Lactose intolerance exists on a spectrum. Many people with reduced lactase production can still tolerate small amounts of milk, especially when consumed with food. Fermented dairy products like yogurt and aged cheeses contain far less lactose and are well tolerated by most. If a glass of milk gives you bloating, gas, or diarrhea within 30 minutes to two hours, you’re likely somewhere on that spectrum. This doesn’t mean dairy is off limits for you, just that you need to choose your sources more carefully or opt for lactose-free versions.

How Much Milk Makes Sense

For people who tolerate it well, one to two servings of dairy per day appears to sit in a sweet spot: enough to capture the calcium, protein, and anti-inflammatory benefits without pushing IGF-1 levels or calorie intake unnecessarily high. There’s no evidence that three or more daily glasses provides additional bone protection, and the hormonal effects become harder to dismiss at higher intakes.

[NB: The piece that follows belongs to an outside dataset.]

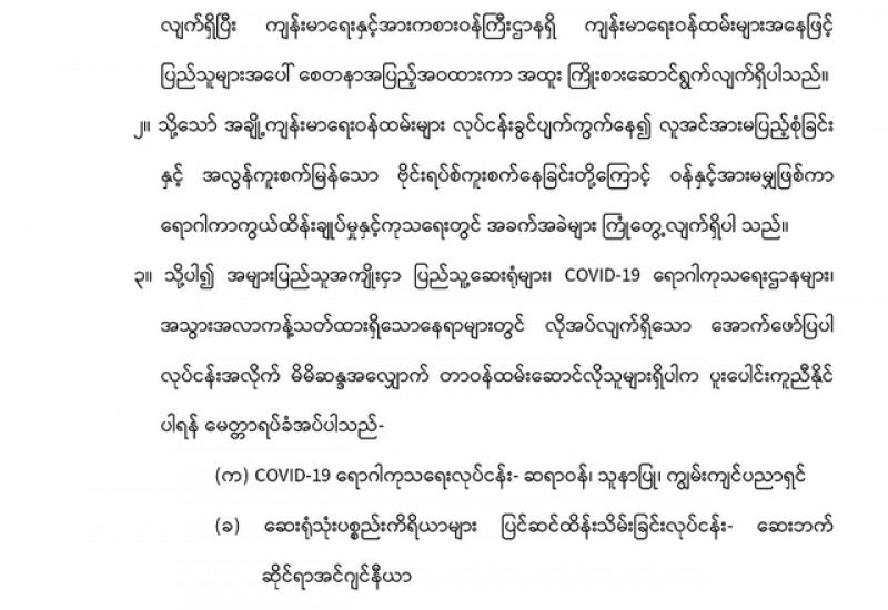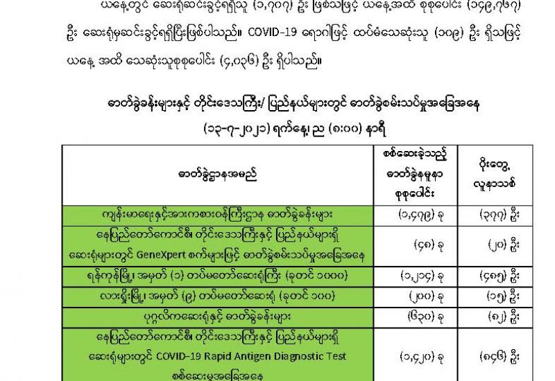 ၁။ ယခုအခါ နိုင်ငံအတွင်း COVID-19 ကပ်ရောဂါ တတိယလှိုင်းအဖြစ် တိုင်းဒေသကြီး/ပြည်နယ် များတွင် COVID-19 ရောဂါ သံသယလူနာနှင့် COVID-19 ရောဂါ ပိုးတွေ့လူနာ များပြား လျက်ရှိပြီး ကျန်းမာရေးနှင့် အားကစား ဝန်ကြီးဌာနရှိ ကျန်းမာရေးဝန်ထမ်းများအနေဖြင့် ပြည်သူများအပေါ် စေတနာအပြည့်အဝထားကာ အထူး ကြိုးစား ဆောင်ရွက်လျက်ရှိပါသည်။

If you don’t drink milk, you can get the same nutrients elsewhere. Calcium-fortified plant milks, canned fish with bones, leafy greens, and tofu made with calcium sulfate all contribute. But none of these are quite as convenient or nutrient-dense per calorie as cow’s milk. The choice comes down to how your body responds to it, whether it fits your dietary pattern, and whether you actually enjoy it. Milk isn’t essential, but for most people, it’s a genuinely useful food.